Recensione “Un giorno per sbaglio”
a cura di Francesco Alfani  (voto: 4,5)
Buckinghamshire, Inghilterra – come scorre tranquilla la vita nella verde campagna inglese (non piove mai!), tra partite di cricket e giardinaggio, per l’affermato procuratore James Manning e la sua dedita moglie Anne. Ma un incidente inatteso può far scoppiare le tensioni sopite, e mettere in crisi un rapporto che sembrava perfetto… Se questo è il messaggio che il film ci affida, allora esso sostanzialmente fallisce perché resta sempre patinato proprio come la realtà che vorrebbe smuovere: tra città, case e alberghi bellissimi, e parchi ancora più belli, ripresi con una fotografia immacolata, il film scivola via innocuo come un tè senza zucchero.
Un giorno per sbaglio… il regista, unendo una sceneggiatura non travolgente e tre attori che hanno forse dato miglior prova di sé, ha realizzato questo film, mediocre sotto molti punti di vista. Cominciamo appunto dal racconto, che non riesce mai a prendere il volo e a coinvolgere davvero, seguendo sentieri già tracciati; tutto fila, nessun sussulto (tranne quello iniziale, oltretutto stonato) e anzi notevole prevedibilità: c’è addirittura il flirt con la segretaria, da sempre segretamente e perdutamente innamorata di James. Due idee discrete, ossia la scelta di seguire l’evoluzione di un ménage à trois per tutta la storia, affidando al marito l’insolito ruolo di quasi complice della moglie fedifraga, e l’inserimento di alcuni elementi di detective story, riescono malamente: la prima perché non sostenuta da una sceneggiatura sufficientemente credibile, la seconda perché il giallo resiste per la prima metà del primo tempo, e poi rimangono solo le apparizioni col contagocce di un commissario più inutile e antipatico del solito. Alcune cadute di stile: la Watson casalinga disperata che palesa la sua crisi mentre taglia le zucchine, la domestica Maggie che con la sua magnanimità dimostra la superiorità morale delle colf proletarie rispetto ai borghesi amorali, il padre di Bill che si asciuga le lacrime con un fazzolettone bianco.
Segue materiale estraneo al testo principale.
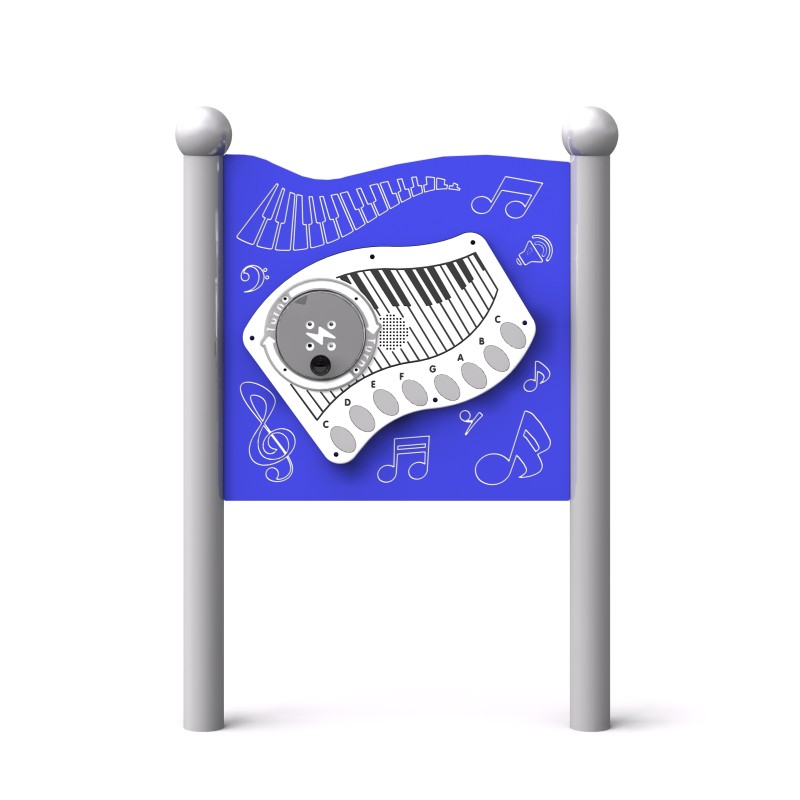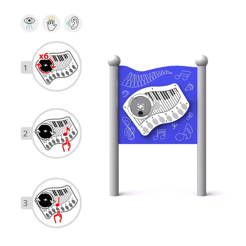 Sensorisk musiktavla som förstärker kreativitet och sinnesupplevelse hos barn, även barn i rullstol. Tavlan är utrustad med ett piano i rostfritt stål med pekknappar som producerar pianotoner i skalan C–C. Tangenterna avger ljud efter att ratten vrids. Konstruktionen är tillverkad av pulverlackerat svart stål, anpassad för intensiv utomhusanvändning. Panelen är gjord av HDPE-plast och stolparna avslutas med sfäriska dekorativa element. Tavlan utvecklar finmotorik, hand-öga-koordination och fantasi. Kan även monteras direkt på vägg med särskilda fästelement. Finns i panelkulörerna grön, gul, röd och blå.

Nei dialoghi in certi momenti tremendi si impantanano i tre attori, poco efficaci nel rendere il dramma che si vorrebbe rappresentare: la Watson tiene gli occhi sbarrati come due fanali per tutto il film, Everett è alla sua altezza, Wilkinson è il migliore, ma lui come gli altri è rovinato da un doppiaggio monocorde, che probabilmente acuisce per noi spettatori italiani la suddetta impressione di calma piatta.